And speaking of witnesses, she thought, he’s seen all this. Seen it, breathed it. She rolled down the windows and her hair swarmed her head. All those days and nights since she’d left the farmhouse began to feel right suddenly, even righteous. Home for her could surely be here as much as back there. It was reshaping itself into a larger idea than she’d conceived before this moment. She wanted to find him. Said aloud, “I’m here.” As she drove up the final ridge along the western slope of Chimayó valley, then began her descent toward the village, Ariel sensed, spiritedly if wrongly, that she was about to realize this fresh, expectant hope.
The plaza of El Potrero was quiet, empty. El Santuario de Chimayó, humble in the morning sunlight, stood before her looking for all the world like a thing built by creatures from one of her childhood fairybooks, so phantasmagoric were its adobe towers and rounded mud walls. She’d not guessed wrong. This was precisely where she should be right now.
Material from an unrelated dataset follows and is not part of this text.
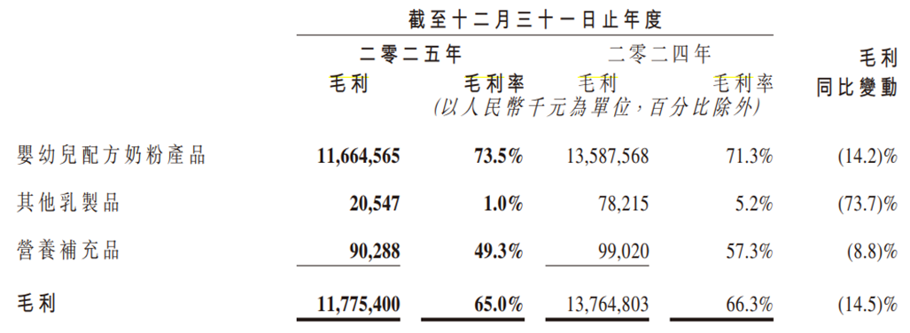 营收下滑的同时,飞鹤的盈利能力也出现大幅缩水。2025年,公司实现毛利117.75亿元,同比下滑14.5%;毛利率为65.0%,较2024年的66.3%下降1.3个百分点,看似小幅下滑,但结合营收规模来看,盈利空间被进一步压缩。

The sudden calm, the peacefulness of the place, brought the gravity of what she faced into focus. Thus assured, Ariel climbed out of her dusty car, with ledger and photograph like bell and candle in hand, and entered the santuario, passing under its modest zaguán and through the walled cemetery courtyard that fronted it. The darkness within the church was cool, dank, and smelled of many thousands of scented candles. Without quite knowing what she was doing, or what it might mean, Ariel tucked a dollar in the painted wooden box just inside the nave, took a votive candle and lit it using the matchbook that was also set there on the little table. Alone, she walked up the central aisle margined by wooden pews as if drawn, like an acolyte, toward the reredos with its painted images of Christ, Mary, the saints. She marveled at the radiant, untutored architecture in gilts and greens, reds and blacks, behind the altar rail. Pigeons cooed, echoing in the rafters, a familiar sound made mysterious by this holy room so far from the city that accompanied their song back east. Halfway down the aisle, she glanced up over her left shoulder and caught sight of where they lived, in a crawl space that gave onto a mullioned window whose glass was broken.
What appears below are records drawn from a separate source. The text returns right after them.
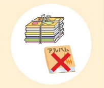 Amarre-as em forma de cruz com barbante antes de descartá-las. *Álbuns são considerados “lixo incinerável”.
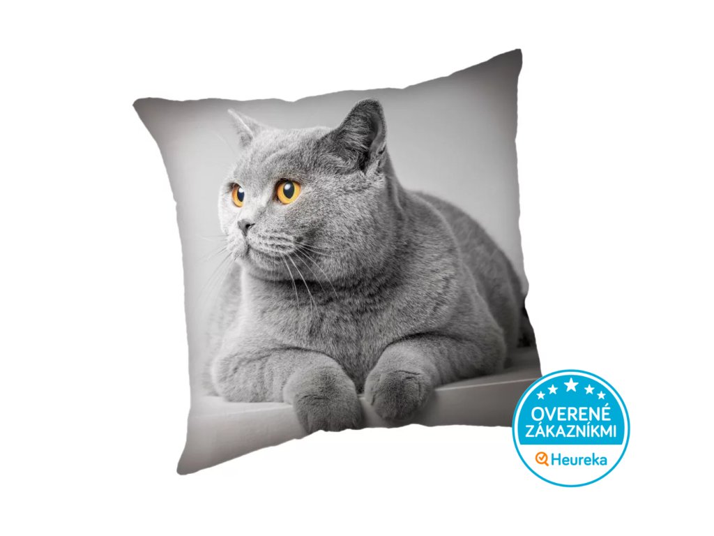 Dekoratívny povlak so šedivým britským kocúrom so žltými očami, perfektný do obývačky aj spálne. Štýlový doplnok do každej mačacej domácnosti. Rozmer 45 x 45 cm.
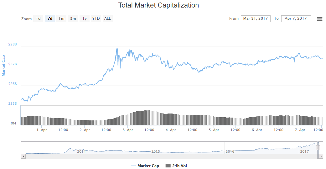 Capitalisation totale des crypto-monnaies (une semaine) :
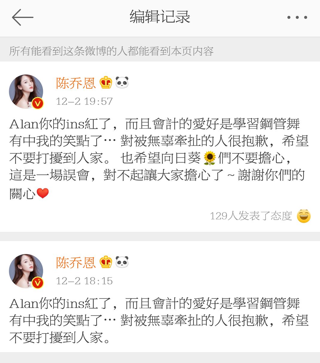 事情越闹越大后,陈乔恩编辑了微博,特意补充说对不起让大家担心了,谢谢你们的关心。
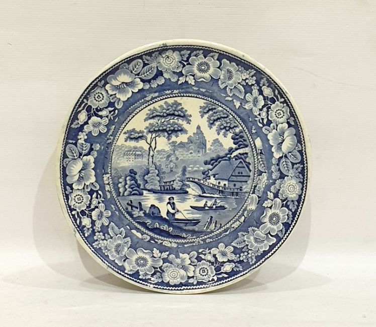 19th century underglaze blue transfer-printed pottery comport, circular with river boating scene to centre, 29cm diameter

She stood breathing the heavy, drowningly rich scent of burned wax. This was, she thought, ancient air. Her knees buckled beneath the weight of some fine ecstasy.
Still alone in the hushed room, she came to. Finding herself on the hard floor, she realized she’d fainted or gone into some sort of fugue, or dream, or she didn’t know quite what, though the duration of it must have been brief, since everything around her seemed the same as it had been before. Kip’s ledger lay splayed beside her and looked like a fallen bird. Feeling dizzy but also, as on the road, alert beyond alertness, she gathered up the book and the guttering, smoking, but still burning candle and pulled herself onto a rugged wooden pew to collect herself.
Time passed. She climbed again to her feet and walked the rest of the short distance to the altar.
Unbelieving, she knelt at the altar rail and attempted, for a quick instant, a prayer. Mindful as ever she didn’t know how to pray, she asked simply,
Help me.
To her left was a low portal that led to another chamber. She ducked as she made her way through this passage into the sacristy. She’d never seen anything like it.
Hung with crutches and baby shoes, with rosaries and homemade placards of gratitude, with framed photographs of the sick who’d been healed, the sinful who’d been saved, the young who once were crippled or mute or deaf or blinded but now could walk, speak, hear, behold, this narrow, long room was a documentary shrine to belief. Gaudy, it was nevertheless blessed; brazen, it was subtly enchanted.
On her right was a small anteroom in whose center was a hole carved in the earthen floor, which made her think of Gaia, of Mother Earth’s navel. Entering this claustrophobic alcove, she knelt, remembering what Brice had told her about the posito and its curative dirt. Astounding to think they’d both been here, Kip and Brice, back when they were boys, her two fathers. She gathered up a handful of sacred soil from the shallow hole that centered the chamber, lifted her palm to her nose, and inhaled deeply. She put her tongue on the consecrated loam. It tasted, well, spiritual.
Ridiculous, she thought, and then just as quickly responded, Ariel, don’t ridicule what you haven’t understood. She walked the length of the sacristy to lunge, like a swimmer reentering the world of air after diving into a deep pond, from the darkness of the church into the irreverent light of the plaza.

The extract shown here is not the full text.